- Mamy naprawdę przeszkody, których nie powstydziłby się żaden runmageddon i zachęcamy do udziału w naszej imprezie, gdyż nie jest to tylko przedsięwzięcie sportowe, ale również charytatywne. Mieliśmy akcję krwiodawstwa, mieliśmy dawców szpiku, również cegiełki, które uczestnicy wpłacają są przekazywane na fundację, która niesie pomoc potrzebującym, więc oprócz dobrej zabawy, rywalizacji sportowej staramy się również akcentować ten aspekt charytatywny – wyjaśnia Wojciech Podleś, współorganizator strażmagedonu w Szczurowej.

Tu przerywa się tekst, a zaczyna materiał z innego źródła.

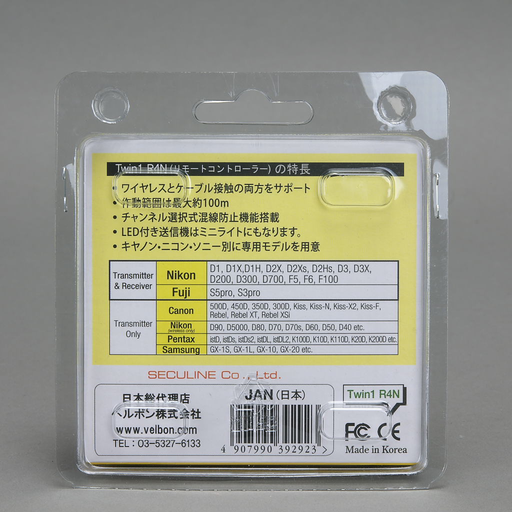 パッケージ。製造は韓国のセキュライン社で,日本ではベルボンが取り扱っています。

- Uczestnicy naszego biegu są tak naprawdę z całej Polski. Są to mieszkańcy Mazowsza, Śląska, Podkarpacia, bardzo dużo mieszkańców Małopolski. Muszę zaznaczyć, że jest też dużo strażaków i państwowej straży pożarnej i ochotniczej straży pożarnej – mówi Piotr Mikuś, prezes OSP Górka.
- To już czwarta edycja w ogóle, a trzecia edycja w Szczurowej. Myślę, że to jest impreza, która będzie się rozrastać co roku, w tym roku było już dużo więcej chętnych miejsc, w przyszłości organizator może pomyśli też, żeby zrobić dwudniową imprezę – dodaje Zbigniew Moskal, wójt gminy Szczurowa.

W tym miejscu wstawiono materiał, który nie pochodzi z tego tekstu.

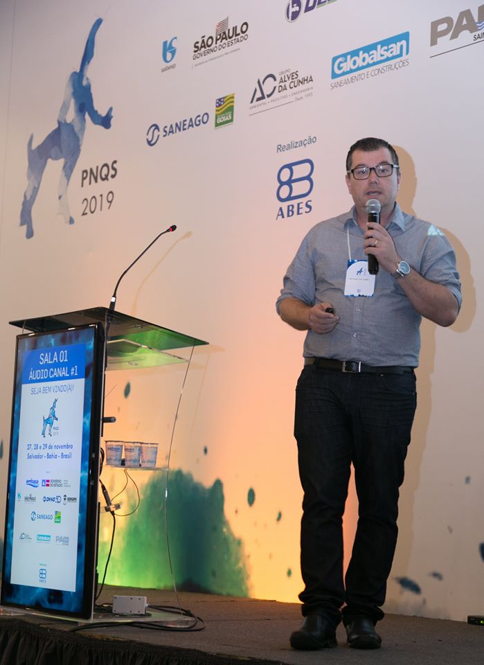 Já os cases da sala 2 apresentaram aspectos técnicos relacionados às perdas de água. Para os especialistas, a principal causa dessas perdas é a qualidade da infraestrutura. Esse foi o foco do case “Eficiência na redução de perdas reais, tendo como viés a renovação da infraestrutura de redes e ramais”, pela Sabesp MN. Para o moderador da sala 2, todas as ações visam evitar escassez hídrica. E para esta finalidade, segundo os especialistas, é necessário usar os recursos hídricos de maneira eficaz, aperfeiçoando processos,otimizando a infraestrutura existente e renovando outras. “A crise hídrica é hoje um grande desafio. Temos que promover condições operacionais para atender as diretrizes da segurança hídrica pois, essa relação entre sistema operacional e o sistema natureza, a cada dia, traz novas necessidades. Por isso, estamos aqui no PNQS 2019, buscando atender, com modernização, aprestavam de serviços”, pontuou o moderador Josivan Cardoso Moreno.

Uczestnicy biegu docierali do mety zmęczeni, ale zadowoleni.
- Biegło się super, trasa była ciężka, ale dałyśmy radę. Wszystkie zbiorniki z wodą zaliczone, to dalej kopa, to jest mega. Najtrudniejsze dla mnie były przeszkody na ręce, podciąganie się. To są ciężkie sprawy. Reszta spoko. Zawsze można burpeesy zrobić – cieszą się Róża i Beata z Krakowa.
- Pierwszy raz byłem na takim wyścigu, więc trasa byłą dość wymagająca szczególnie jeśli chodzi o przeszkody błotne to one zatrzymywały i spowalniały, podciąganie tez nie należało do najprostszych, ale świetna zabawa, świetny sport i na pewno tu wrócimy ze znajomymi – zapowiada Marcin z Krakowa.
- Bardzo fajne przeszkody, wymagające, było trudno. Satysfakcja jest – mówi Zuzanna z Bucza.
- Było wyzwanie, ale było super, bardzo dobrze się bawiłam. Jak widać ciężko złapać oddech. Wanna z lodem bardzo orzeźwiająca, aż za bardzo – dodaje Sonia z Krakowa.
W biegu wystartował również Zbigniew Moskal, wójt gminy Szczurowa. - Trasa bardzo wymagająca, z resztą jak co roku. Pojawiło się wiele nowych przeszkód, ale było bardzo fajnie. Udało się dotrzeć do mety i to najważniejsze. Jestem bardzo zadowolony z tego biegu, z organizacji, za co bardzo serdecznie dziękuję wszystkim wolontariuszom, wszystkim strażakom, a szczególnie panu Piotrowi Mikusiowi, prezesowi Ochotniczej Straży Pożarnej w Górce, bo to oni są głównym organizatorem tego biegu.
Strażmagedon to runmageddon przygotowany przez strażaków. Udział w nim może wziąć każdy, kto chce i czuje się na siłach przebiec kilkukilometrową trasę z przeszkodami.